== GIVEN DATA ==

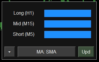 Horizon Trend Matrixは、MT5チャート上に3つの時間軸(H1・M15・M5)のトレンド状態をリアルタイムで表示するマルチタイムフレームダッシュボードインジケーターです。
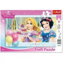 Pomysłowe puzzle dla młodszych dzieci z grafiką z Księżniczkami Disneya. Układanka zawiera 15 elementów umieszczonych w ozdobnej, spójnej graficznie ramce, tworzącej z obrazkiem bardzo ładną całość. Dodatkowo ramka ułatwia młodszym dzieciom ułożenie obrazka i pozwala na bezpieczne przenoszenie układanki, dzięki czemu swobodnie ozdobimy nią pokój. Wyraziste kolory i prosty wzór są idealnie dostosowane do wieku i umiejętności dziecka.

===
== GIVEN DATA ==

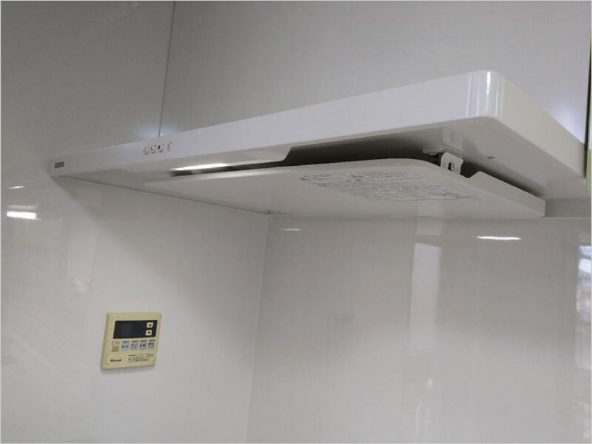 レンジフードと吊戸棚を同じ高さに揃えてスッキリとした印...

===
== GIVEN DATA ==

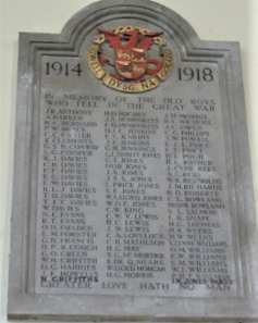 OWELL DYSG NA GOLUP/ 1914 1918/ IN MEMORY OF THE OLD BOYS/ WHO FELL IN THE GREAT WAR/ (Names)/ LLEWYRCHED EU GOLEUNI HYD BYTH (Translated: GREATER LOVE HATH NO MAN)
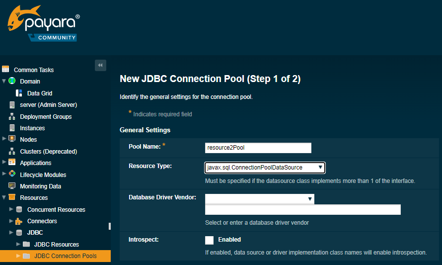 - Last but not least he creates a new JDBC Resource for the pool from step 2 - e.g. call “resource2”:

===

**EXERCISE GOAL:** In the listing above, the required lines run from the line with "OWELL DYSG NA" through the line with "- Last but not". Output exactly those lines, omitting pictures.

**ANSWER TO THE PROBLEM:**
 OWELL DYSG NA GOLUP/ 1914 1918/ IN MEMORY OF THE OLD BOYS/ WHO FELL IN THE GREAT WAR/ (Names)/ LLEWYRCHED EU GOLEUNI HYD BYTH (Translated: GREATER LOVE HATH NO MAN)
 - Last but not least he creates a new JDBC Resource for the pool from step 2 - e.g. call “resource2”:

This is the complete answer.